Dataset excerpts:

Content starts

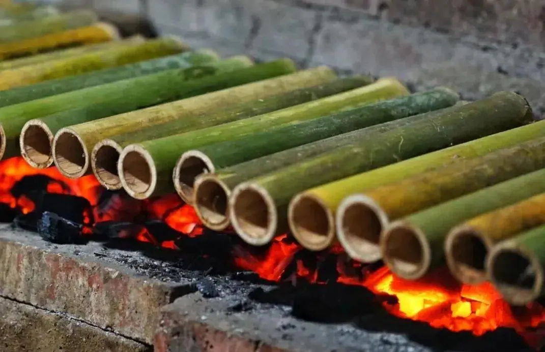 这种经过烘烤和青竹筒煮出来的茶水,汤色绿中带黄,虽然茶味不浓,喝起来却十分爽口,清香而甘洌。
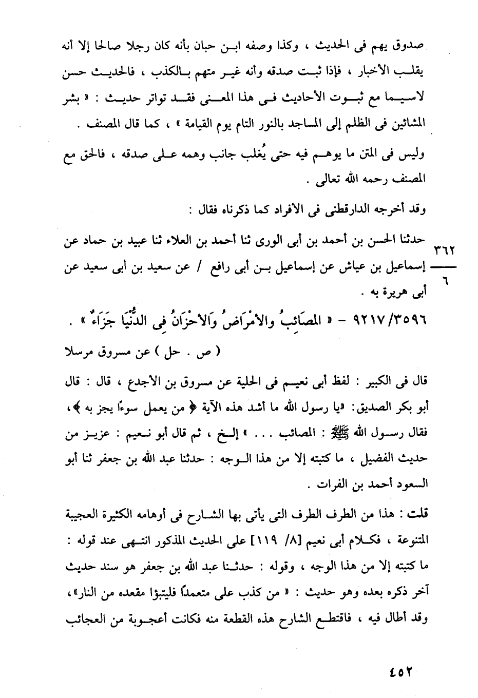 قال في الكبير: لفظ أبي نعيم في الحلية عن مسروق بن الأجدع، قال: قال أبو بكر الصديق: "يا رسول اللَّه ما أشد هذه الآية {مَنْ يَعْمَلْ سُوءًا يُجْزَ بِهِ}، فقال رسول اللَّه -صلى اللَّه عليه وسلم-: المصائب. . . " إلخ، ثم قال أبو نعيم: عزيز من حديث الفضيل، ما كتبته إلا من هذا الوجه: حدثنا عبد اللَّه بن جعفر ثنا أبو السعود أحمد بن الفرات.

Content ends
Content starts

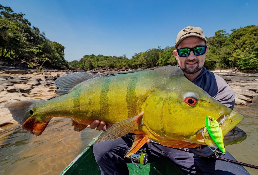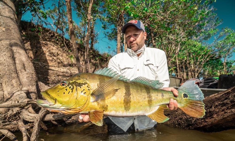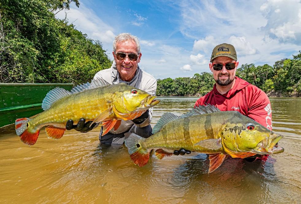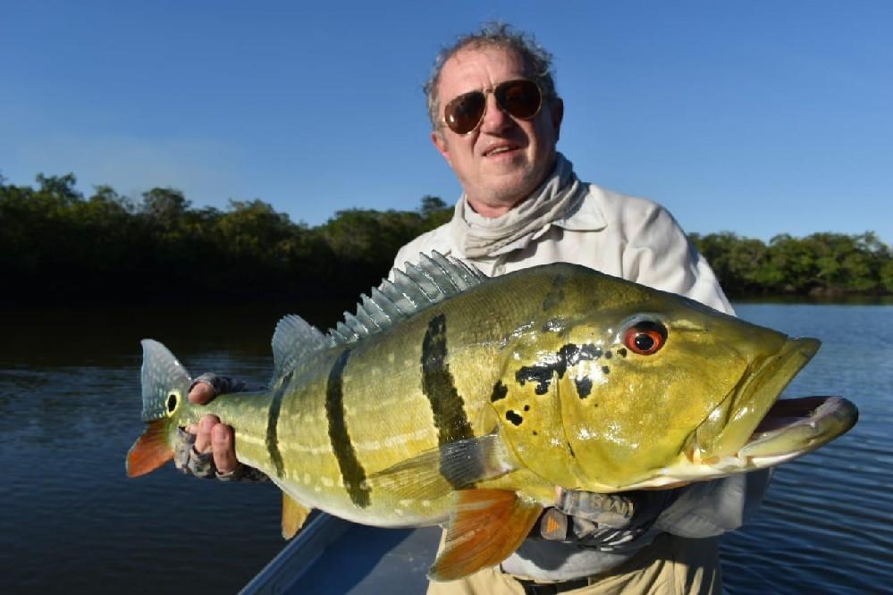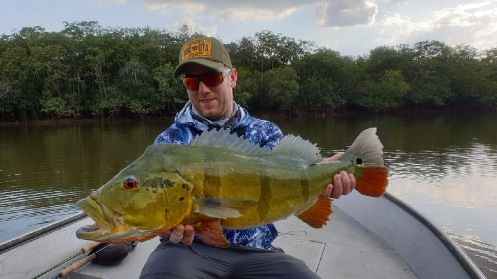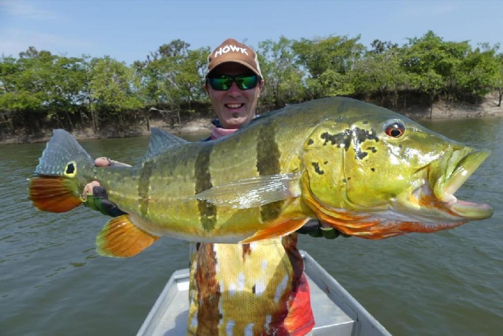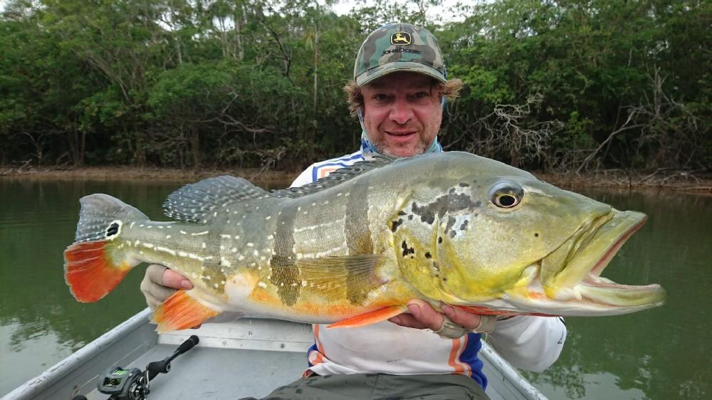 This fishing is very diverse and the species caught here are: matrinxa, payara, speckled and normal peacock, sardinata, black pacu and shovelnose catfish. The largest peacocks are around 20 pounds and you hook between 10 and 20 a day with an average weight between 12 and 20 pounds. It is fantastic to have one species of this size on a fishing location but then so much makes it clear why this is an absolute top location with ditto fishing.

Content ends
Content starts

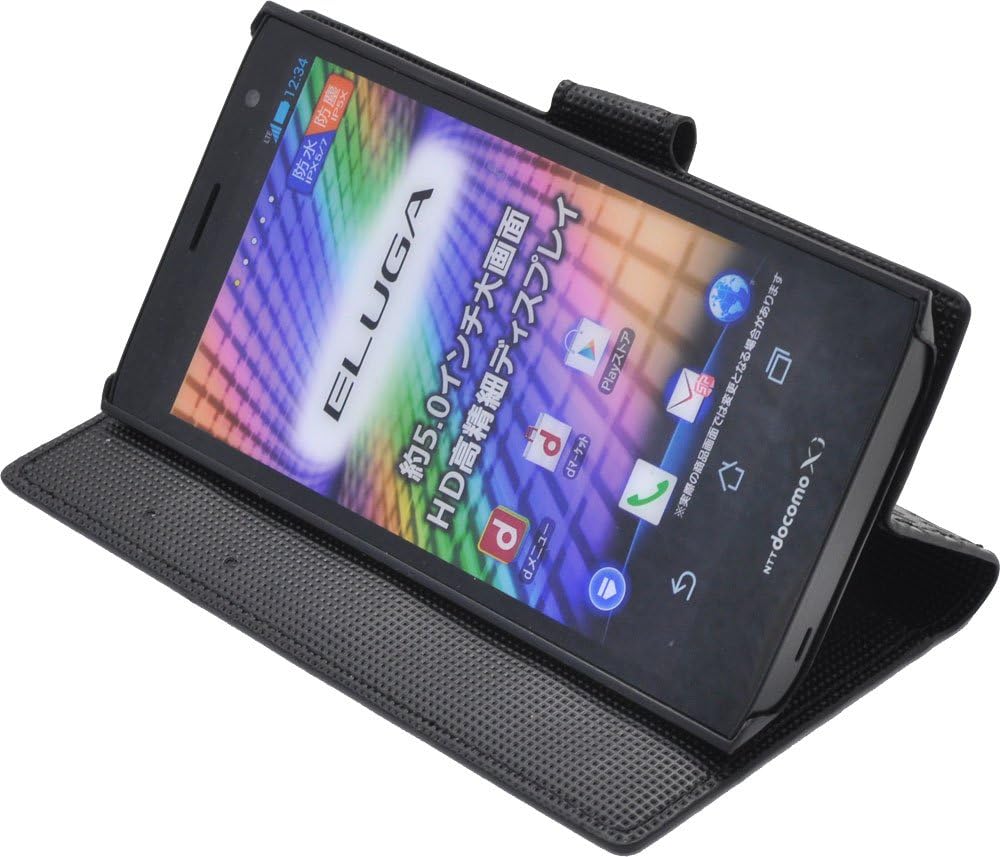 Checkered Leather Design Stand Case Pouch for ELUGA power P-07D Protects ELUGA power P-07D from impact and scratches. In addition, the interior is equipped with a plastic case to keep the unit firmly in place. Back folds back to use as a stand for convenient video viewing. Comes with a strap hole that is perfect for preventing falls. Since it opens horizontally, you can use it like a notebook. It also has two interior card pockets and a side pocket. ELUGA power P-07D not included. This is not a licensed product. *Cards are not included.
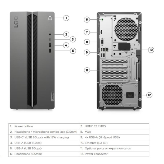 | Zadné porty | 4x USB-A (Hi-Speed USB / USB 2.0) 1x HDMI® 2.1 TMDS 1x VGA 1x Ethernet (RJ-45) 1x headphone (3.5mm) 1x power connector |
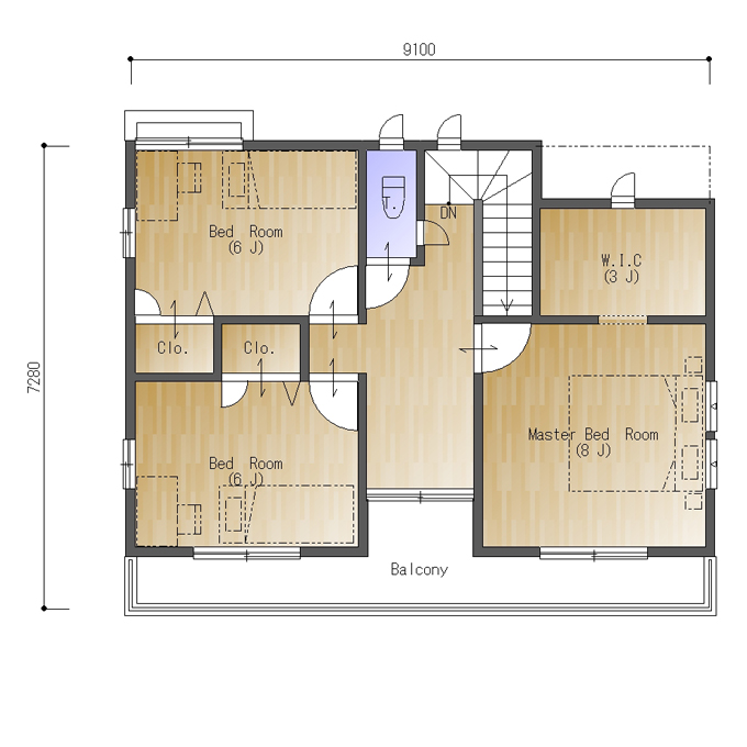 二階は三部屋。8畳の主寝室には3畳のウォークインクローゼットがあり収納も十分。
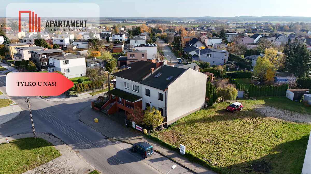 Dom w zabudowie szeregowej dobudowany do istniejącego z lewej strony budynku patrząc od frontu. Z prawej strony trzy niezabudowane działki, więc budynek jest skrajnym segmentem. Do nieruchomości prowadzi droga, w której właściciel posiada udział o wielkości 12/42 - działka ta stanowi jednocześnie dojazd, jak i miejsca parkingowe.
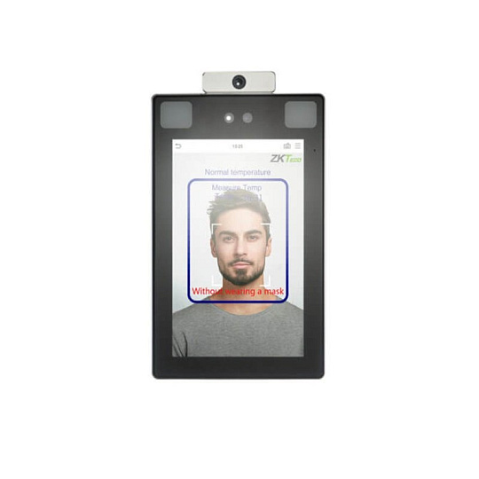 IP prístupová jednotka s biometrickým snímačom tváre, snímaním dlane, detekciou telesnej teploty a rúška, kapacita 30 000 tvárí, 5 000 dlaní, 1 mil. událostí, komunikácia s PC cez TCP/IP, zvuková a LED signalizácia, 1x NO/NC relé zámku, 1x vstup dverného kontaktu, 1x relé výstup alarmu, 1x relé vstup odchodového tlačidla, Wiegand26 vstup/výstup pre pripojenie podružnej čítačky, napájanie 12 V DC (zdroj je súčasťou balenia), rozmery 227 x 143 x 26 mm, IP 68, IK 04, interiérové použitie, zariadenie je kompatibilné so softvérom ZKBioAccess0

Content ends

Task prompt: Could you transcribe exactly the entries above, but only the lines from the one with "这种经过烘烤和青竹筒煮出来的" through the one with "قال في الكبير: لفظ", and without pictures?

Output for this exercise:
 这种经过烘烤和青竹筒煮出来的茶水,汤色绿中带黄,虽然茶味不浓,喝起来却十分爽口,清香而甘洌。
 قال في الكبير: لفظ أبي نعيم في الحلية عن مسروق بن الأجدع، قال: قال أبو بكر الصديق: "يا رسول اللَّه ما أشد هذه الآية {مَنْ يَعْمَلْ سُوءًا يُجْزَ بِهِ}، فقال رسول اللَّه -صلى اللَّه عليه وسلم-: المصائب. . . " إلخ، ثم قال أبو نعيم: عزيز من حديث الفضيل، ما كتبته إلا من هذا الوجه: حدثنا عبد اللَّه بن جعفر ثنا أبو السعود أحمد بن الفرات.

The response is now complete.